Referring to FIG. 11, by using the photoresist pattern 54 and the mask layer 56 as an etching mask, the anti-reflection film 53 and the insulating layer 52 may be etched to overcome the resolution limit of the photo process. A fine insulating layer pattern is formed.

12 to 16 are cross-sectional views illustrating a method for forming a fine pattern according to a third embodiment of the present invention. The third embodiment is the same as the first embodiment except for using a multilayer photoresist instead of a single layer photoresist layer, and in the subsequent figures, the same reference numerals as in the first embodiment refer to the same members. Indicates.

Referring to FIG. 12, a material layer, for example, an insulating layer 52, on which a pattern is to be formed is formed on a semiconductor substrate 50, and a lower photoresist layer 100, an etching mask layer 102, and an upper photoresist are formed thereon.
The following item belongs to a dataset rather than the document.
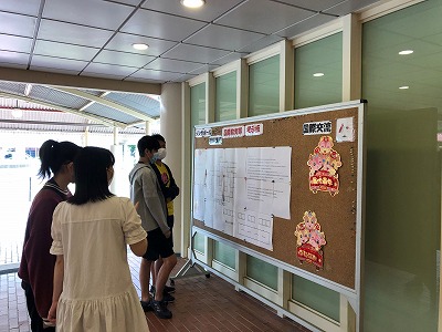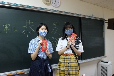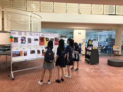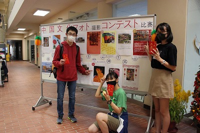 フォトコンテストでは、事前に応募した15名の作品をピロティに掲示し、生徒と教職員の投票で優秀作品を選出しました。財福をつかさどる財神や、ドラゴンダンス、ランタン・パイナップルの飾り、チャイナタウンのイルミネーションなどの写真が並び、本校も春節を祝うムードに包まれました。また各作品には財神の由来と信仰、ミカンやパイナップルに込められた新年を祝う意味などについて調べた文章も付けられ、作成した生徒と評価する生徒が、互いに中国文化を学ぶ良い機会にもなりました。

The resist layer 104 is sequentially formed, and then the upper photoresist layer 104 is patterned.

Referring to FIG. 13, a mask layer 56 is formed by depositing, for example, hydrogenated amorphous carbon, on the resultant on which the upper photoresist layer 104 is formed.

Referring to FIG. 14, an anisotropic etching process is performed on the resultant product on which the mask layer 56 is formed to leave the mask layer 56 only on the sidewalls of the upper photoresist layer 104.
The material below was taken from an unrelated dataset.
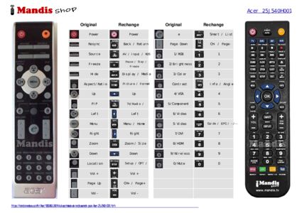 Un document est inclus pour vous aider à utiliser facilement la nouvelle télécommande, en indiquant la correspondance des boutons.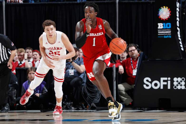 Getty Kevin Cross #1 de los Nebraska Cornhuskers dribla el balón delante de Race Thompson #25 de los Indiana Hoosiers en la segunda mitad durante la primera ronda del torneo de baloncesto masculino Big Ten en Bankers Life Fieldhouse el 11 de marzo de 2020 en Indianápolis, Indiana.

Referring to FIG. 15, the etch mask layer 102 is etched using the upper photoresist layer 104 and the mask layer 56 as etching masks.

Referring to FIG. 16, the upper photoresist layer 104 and the mask layer 56 are removed, and the insulating layer 52 is etched using the lower photoresist layer 102 as an etch mask. A fine insulating layer pattern is formed to overcome the resolution limit.

As described above, according to the present invention, after depositing hydrogenated amorphous carbon, which is a material having very good uniformity, on the photoresist pattern and then anisotropically etching and remaining only on the sidewalls of the photoresist pattern, they are used as an etching mask. By etching, it is possible to form a fine pattern that can overcome the resolution limitation of the photographic process.

Claims (4)

Forming a material layer on which the pattern is to be formed on the semiconductor substrate; Depositing and then patterning the photoresist on the material layer to form a photoresist pattern for use as an etch mask; Forming a mask layer by depositing hydrogenated amorphous carbon having a very good uniformity on the resultant formed photoresist pattern; Performing an anisotropic etching process on the resultant product on which the mask layer is formed, and leaving the mask layer only on the photoresist pattern sidewalls; And And forming a fine material layer pattern by etching the material layer by using the photoresist pattern and the mask layer as an etching mask. The method of claim 1, further comprising forming an anti-reflection film on the material layer after the first step. The method of claim 2, wherein the anti-reflection film is formed using amorphous carbon. The method of claim 1, wherein the photoresist layer comprises a multi-layer photoresist in which a lower photoresist layer, an etching mask layer, and an upper photoresist layer are stacked.